Ander Monson ’97 has written a total of six books, including three works of nonfiction (Neck Deep and Other Predicaments, Vanishing Point, and Letter to a Future Lover), two collections of poetry (Vacationland and The Available World), and a novel, Other Electricities. He directs the MFA program at the University of Arizona and also edits DIAGRAM magazine, the New Michigan Press, and Essay Daily.
He has received several prizes for his work, including a Howard Foundation Fellowship, the Graywolf Nonfiction Prize, the Annie Dillard Award for Nonfiction, and the Great Lakes Colleges New Writers Award in Nonfiction. He received Knox’s Young Alumni Achievement Award in 2008.
Earlier this year, he was selected for a prestigious Guggenheim Fellowship. With the award comes a $50,000 grant, which he will use to finish a new book about the 1987 action film Predator, which he hopes to use to “illuminate and disambiguate a few of the many strands of our present weird culture swamp.”
What was your reaction to the news you’d been awarded a Guggenheim?
Shock, to be honest. Though I’ve been lucky enough to publish six books and to get to do work that I love, I don’t tend to have great luck in these kinds of fellowship competitions. I’ve applied for something like 15 of these sorts of grants, and my ethos is—and has been for a long time—that I put in the time and application as a way of focusing what I’m thinking about a book project. It’s about the process, not winning the grant. Though I have to say being selected for a grant feels pretty good too. The book I pitched seemed like a particularly long shot, being that it’s about an undistinguished-seeming (not to say less than awesome) subject, the 1987 Schwarzenegger film Predator. So to get the letter that not only did the foundation choose to support me with a Guggenheim—but also to support Predator—was particularly surprising— and heartening.

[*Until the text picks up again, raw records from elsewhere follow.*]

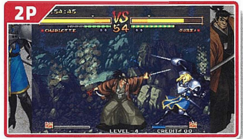
SAMURAI SHODOWN V PERFECT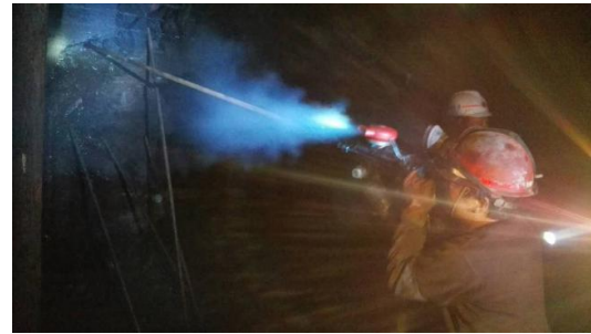
Figure 3. Field tests.

After the successful development of the above two new mechanisms, they took the lead in the application of S82 gas-leg rock drill. The first prototype was tested in a metal mine (see Figure 3) in Sichuan Province in 2017. The water pressure of the mine is 0.2 MPa higher than that of the wind pressure. The performance of the gas-leg rock drill fully meets the design requirements, helping customers to achieve rapid rock drilling, smooth operation, shorter working hours, lower costs and maximize the interests of customers. It is fully recognized by customers.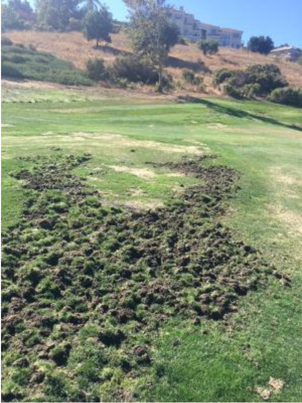
New damage surrounding previously damaged area

THE FOLLOWING PHOTOS ARE FROM THE FIRST 2 WEEKS IN OCTOBER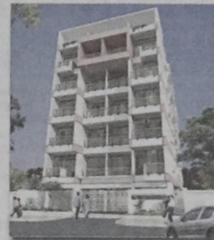
Troyee Cocnord Sector # 7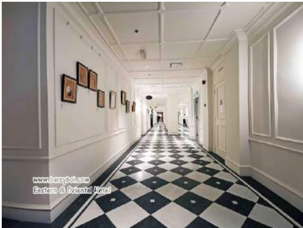
Newly Refurbished Suites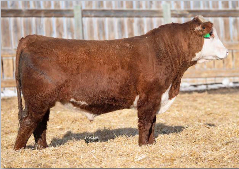
Lot 77 • ECR 11E HEY JOE 1128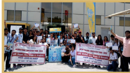
Visit to RAJYOG Water Bottling LLC, Dubai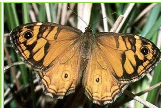
Adult Ringed Xenica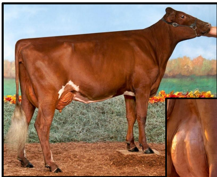
Cherrywood Presto Lady EXP VG87 Dam of Embryos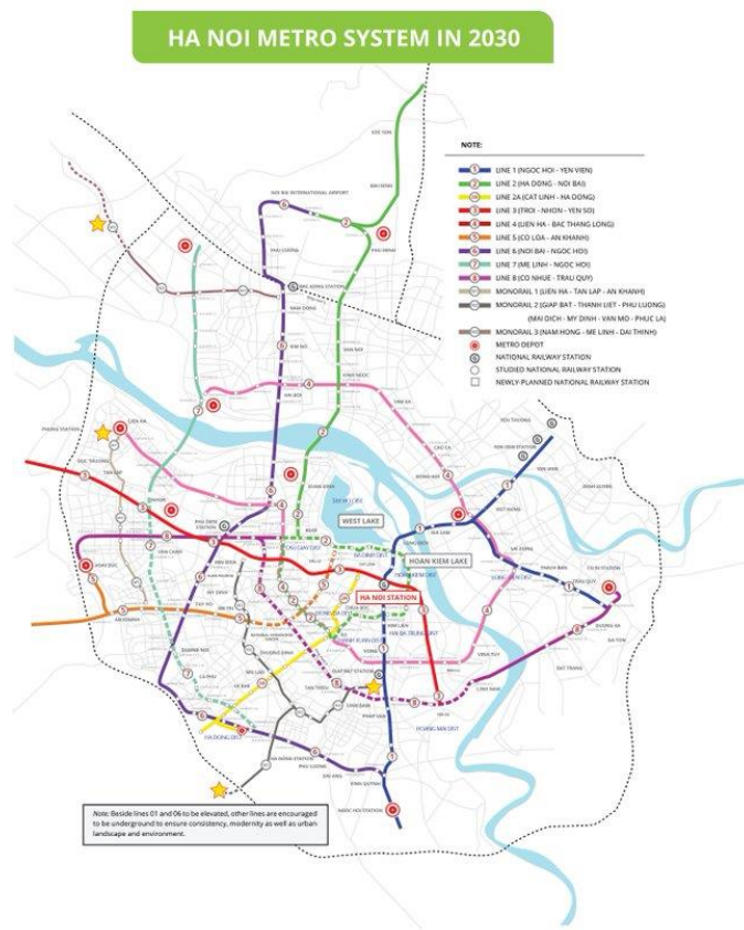
Figure 1: Hanoi metro system in 2030

In what way do you think your Knox College education helped get you where you are today?
Hard to know exactly, but certainly Knox offered me the freedom to explore not just writing but a lot of possible futures. Being part of an exciting and supportive community imprinted on me somehow, and every place I’ve been after that I’ve been trying to remake that community to help grow writers and students. It also showed me that there’s no subject too ridiculous—or small—or stupid-seeming—or strange that it can’t reveal something important when looked at closely enough.